Detroit resident Darrell Standberry doesn't navigate streets of the Motor City without his licensed handgun, and it already has saved his life once.
“I never leave home without my weapon,” he said. “You never know when or what you’ll encounter.”
It was 2011, when Standberry stopped at a gas station on Six Mile Road after attending his son’s football practice. After filling up the tank of his SUV, he left the car running and went inside to pay, only to spot a man jumping in behind the wheel.
“I went back over and told him to get out of my car," said Standberry, 46, aformer bar owner who is now a college student. "He told me to get the hell out of there and drove off.”
“I never leave home without my weapon. You never know when or what you’ll encounter.”
Standberry stood frozen as the bandit peeled away, but then felt his heart pound when the thief doubled back. His hand moved down to his hip and gripped a holstered, .45-caliber SIG Sauer as the man who had stolen his car bore down on him.
“I saw him pulling out his gun to shoot me,” Standberry recalled. “So I pulled my gun out and shot him.”
The shot went through the windshield and hit its target, a criminal with a long record who made a short-lived getaway before crashing into a tree and dying. Standberry’s claim of self-defense was never questioned by local cops.
In a city plagued by chronic unemployment and crime and guarded by a dwindling police force, residents of Detroit are increasingly taking protection of themselves, their families and property into their own hands. Those who do so responsibly have the blessing and backing of Detroit Police Chief James Craig.
“When you look at the city of Detroit, we’re kind of leading the way in terms of urban areas with law-abiding citizens carrying guns,” Craig said recently.

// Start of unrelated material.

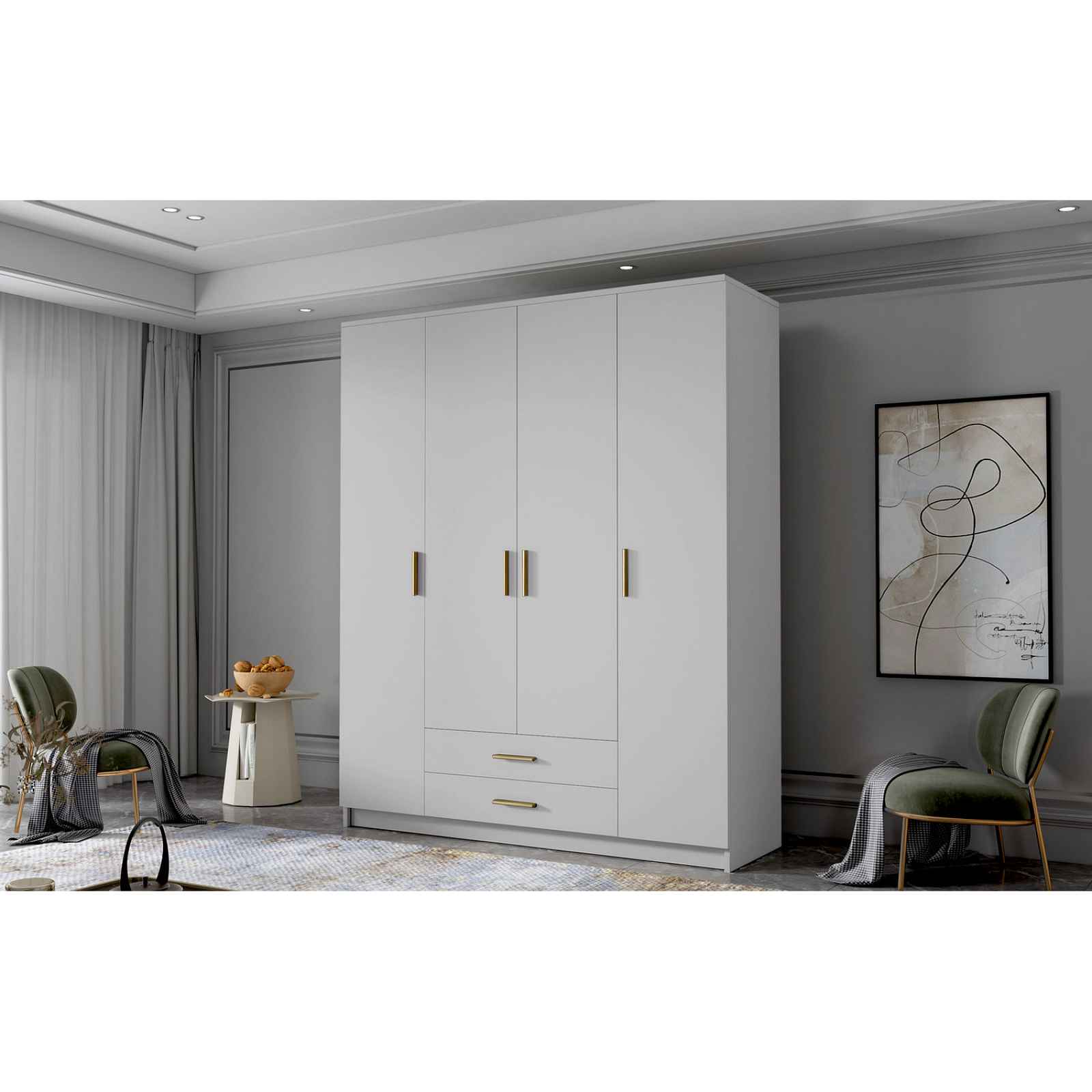Šatní skříň ADA I 160 cm - bílá/zlaté úchytky. Šatní skříň kombinuje klasickou jednoduchost a moderní design. Je ideální jako šatní skříň do předsíně nebo místo pro uložení oblečení v ložnici nebo jiných drobností každodenní potřeby. - použití kvalitních materiálů - zajímavé provedení - snadná montáž - zajímavé úchytky Údržba: Povrch nábytku utřete do čista měkkým hadříkem. Vyhněte se použití chemikálií.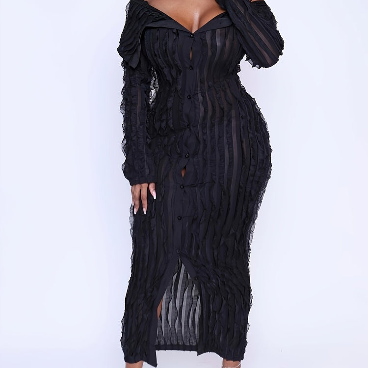 Women's Off The Shoulder Long Sleeve Dress Button Down Sexy Bodycon Dresses

The chief's call to arms, which first came in December, 2013, has been answered by thousands of men and women tired of being victims and eager to reclaim their beleaguered city. In 2014, some new 1,169 handgun permits were issued, while 8,102 guns were registered with Detroit's police department - many to prior permit holders who bought new firearms. So for in 2015, nearly 500 permits have issued by the department and more than 5,000 guns have been registered.
“There’s definitely been a "Chief Craig" effect,” Rick Ector, a firearms instructor who runs the blog Legally Armed in Detroit. “His support and endorsement has been helpful.”
Obtaining a concealed-carry permit in the state of Michigan is not difficult compared to states with stricter gun laws. Eligible citizens can meet the state's training requirement in eight hours, and firearms academies and gun shops within the city offer one-day courses for as little as $99.
Ector said that he and other instructors have seen a steady rise in locals looking to get a permit, to protect themselves either on the street or in their homes. While data showing a relation between increased gun ownership and the crime rate is not available, Ector said legally armed residents are having an effect.
“Home invasions have gone down,” he said. “A huge reason was that there was a huge spate of homeowners using their guns against intruders. More people have guns and it’s making burglars cautious.”
The firearms instructor said women are driving growth in his business.
"It used to be that we would only have one or two women in a class,” he said. “Now we are seeing much, much more. This past May, I held a class where we trained 300 ladies.”
With a population of about 680,000, some 83 percent of which is African-American, Detroit's growing embrace of Second Amendment rights has a racial component that is not unique to the city. According to a recent survey from Pew Research Center, 54 percent of African-American residents nationwide now see legal gun ownership as more likely to protect people than to put their safety at risk. That figure was up from 29 percent two years ago.
“If anyone should have the right or need to carry a gun, it should be the African-American community,” Philip Smith, founder of the National African American Gun Association, told Reuters.
Standberry said his run-in with a car thief is proof that responsible and legal gun ownership is a key to surviving in Detroit.
“That day could have been much worse,” he said to FoxNews.com. “It could have been my life that was taken.”